Die außergewöhnliche Zeitreise, zu der die Gastgeber Thomas Hudovernik und Brigitte Steixner auch im Inneren einladen, beginnt schon im Erdgeschoss. Auf dem Weg zum Fahrstuhl geht’s entlang eines von zwei Spiegelschleusen durchbrochenen Korridors. Der Gast begegnet sich selbst, entrückt dem Zeitempfinden durch Raumgrenzen, die an den Seiten und der Decke aufgelöst werden und Architektur gezielt immateriell wirken lassen. Von hier aus bringt der Fahrstuhl Gäste direkt in das neue sechste Obergeschoss, das mit professioneller Raffinesse und klarerweise unter Einhaltung des Denkmalschutzes entstanden ist. Dieses neue Dachgeschoss folgt einer bis ins Detail durchdachten Choreografie: Es reagiert einerseits auf Nachbarschaft und Stadtbild, in dem es die ursprüngliche Neigung zur Straße hin beibehält, steigt jedoch nach hinten auf Raumhöhe an und öffnet sich mit sechs Glaskuben, die einen wunderbaren Blick über die Dächer freigeben.

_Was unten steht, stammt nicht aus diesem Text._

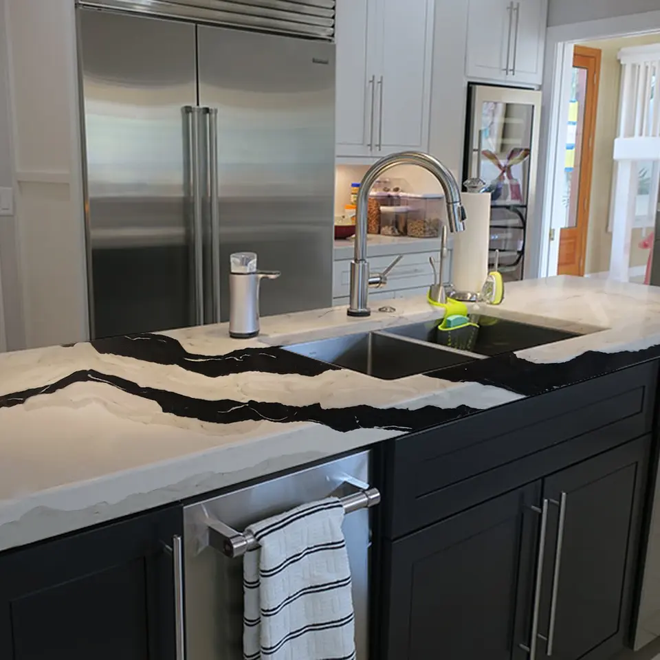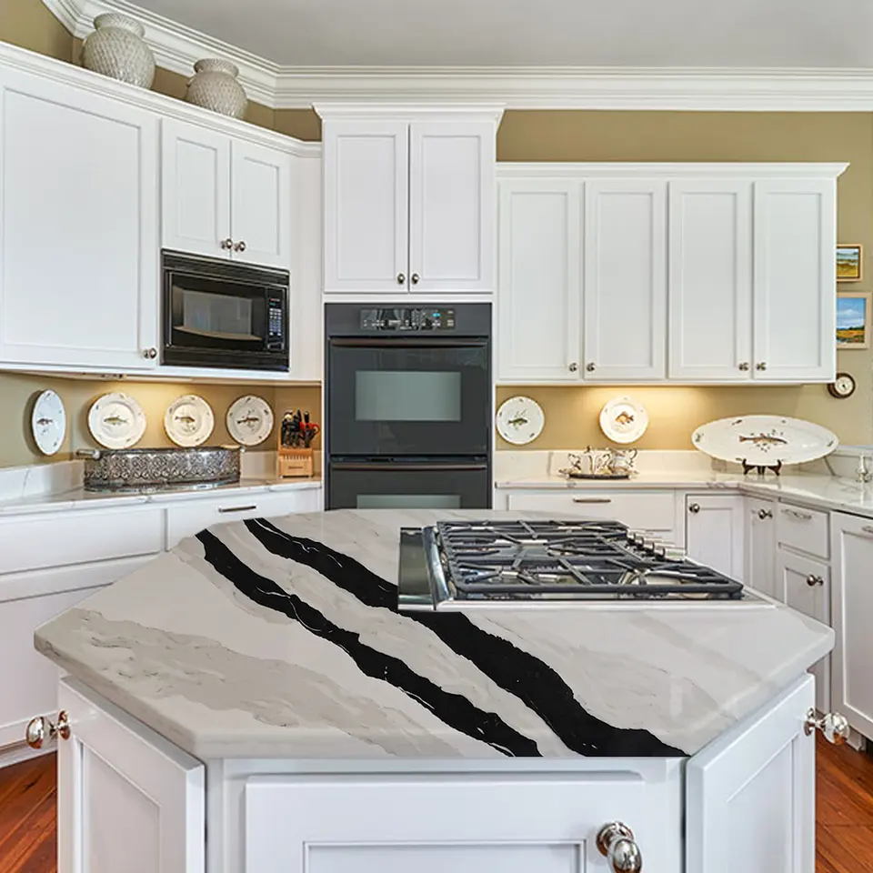 Comptoir de cuisine en pierre de quartz blanc artificiel Comptoir de réception Dessus de cuisine Quartz artificiel plein Bullnose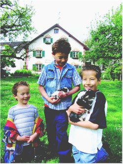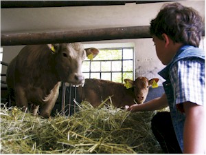 Der Bauernhof bietet neben zahlreichen Streicheltieren auch den direkten Einblick in einen Mutterkuhbetrieb. Hier kommen noch Kälber auf die Welt, die Anschließend bei der Kuh verbleiben dürfen!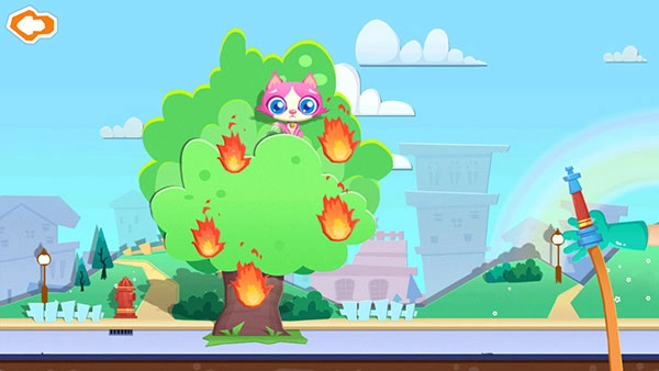 5糟了,竟然着火了,而且还有只小猫被困在树上。小伙伴们,赶紧帮消防员糖糖一把,拖动右边的水管,对准火团喷水。哇!大火终于熄灭啦!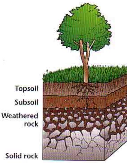 土壤的四个层次,砾砂层、粉质粘土层、回填土层、岩石层。

Ein einzigartiges Panorama aus Stadtturm, Sprungschanze und Nordkette offenbart sich.
Funktional treffen dort zwischen Erkern und Nischen aus Glas Empfang, Frühstücksbuffet, Bar und Abendlokal aufeinander. Sofort sticht das dominierende Einrichtungsstück des lang gezogenen Raumes ins Auge – eine maßgefertigte Tafel aus Messing mit barocken Verzierungen und abenteuerlichen 13 Metern Länge. Geräucherter Eichen-
boden schenkt ihr zusätzliche Betonung, das warme Dunkelblau des Raumes steht in Verbindung zum royalen Messing des Tisches.

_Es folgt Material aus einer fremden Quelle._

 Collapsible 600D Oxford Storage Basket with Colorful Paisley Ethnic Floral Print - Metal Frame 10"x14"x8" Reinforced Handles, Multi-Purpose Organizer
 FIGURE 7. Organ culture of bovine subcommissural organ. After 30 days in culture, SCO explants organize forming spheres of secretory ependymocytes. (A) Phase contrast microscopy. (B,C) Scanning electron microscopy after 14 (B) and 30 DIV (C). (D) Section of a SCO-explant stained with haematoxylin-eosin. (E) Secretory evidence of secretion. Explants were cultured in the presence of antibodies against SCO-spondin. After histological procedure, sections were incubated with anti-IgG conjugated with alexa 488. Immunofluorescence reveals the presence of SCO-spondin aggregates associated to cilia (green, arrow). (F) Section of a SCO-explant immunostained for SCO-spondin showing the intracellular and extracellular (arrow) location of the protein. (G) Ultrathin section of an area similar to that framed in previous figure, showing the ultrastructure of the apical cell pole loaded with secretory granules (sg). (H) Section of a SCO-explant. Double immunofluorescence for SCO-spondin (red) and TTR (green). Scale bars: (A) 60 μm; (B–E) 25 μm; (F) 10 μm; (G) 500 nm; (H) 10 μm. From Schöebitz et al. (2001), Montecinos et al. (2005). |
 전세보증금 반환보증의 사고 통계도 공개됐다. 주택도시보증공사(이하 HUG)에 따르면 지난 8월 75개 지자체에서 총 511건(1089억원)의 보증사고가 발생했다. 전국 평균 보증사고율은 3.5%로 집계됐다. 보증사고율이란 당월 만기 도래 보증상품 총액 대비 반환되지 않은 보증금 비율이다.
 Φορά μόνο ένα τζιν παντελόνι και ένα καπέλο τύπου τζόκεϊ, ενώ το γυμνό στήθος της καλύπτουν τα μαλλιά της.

Diesem Farbton und der Bauherrin selbst ist auch der Name des Kulttreffs für Ein- wie Ausheimische zu verdanken: Blaue Brigitte. Verschiedene Sitzbereiche mit außergewöhnlichen Sesseln und Leuchten im Gatsby-Stil bieten einen variantenreichen Mix, bei dem charmante Akzente in Hellrosa und Ockergelb an das opulente Messing-Thema anknüpfen. Die Leitlinie des Projekts – Barock-Schick-Schock – zeigt sich im Dachgeschoss von seiner kuriosesten Seite. Minimalismus und weiße Flecken sind nicht zu finden. Bis hin zu technischen Details wurde alles farblich abgestimmt. Lebendigkeit spiegelt sich in allen Elementen wider und erinnert an die dynamische Baugeschichte, in welcher sich gerade ein neues Kapitel auftut.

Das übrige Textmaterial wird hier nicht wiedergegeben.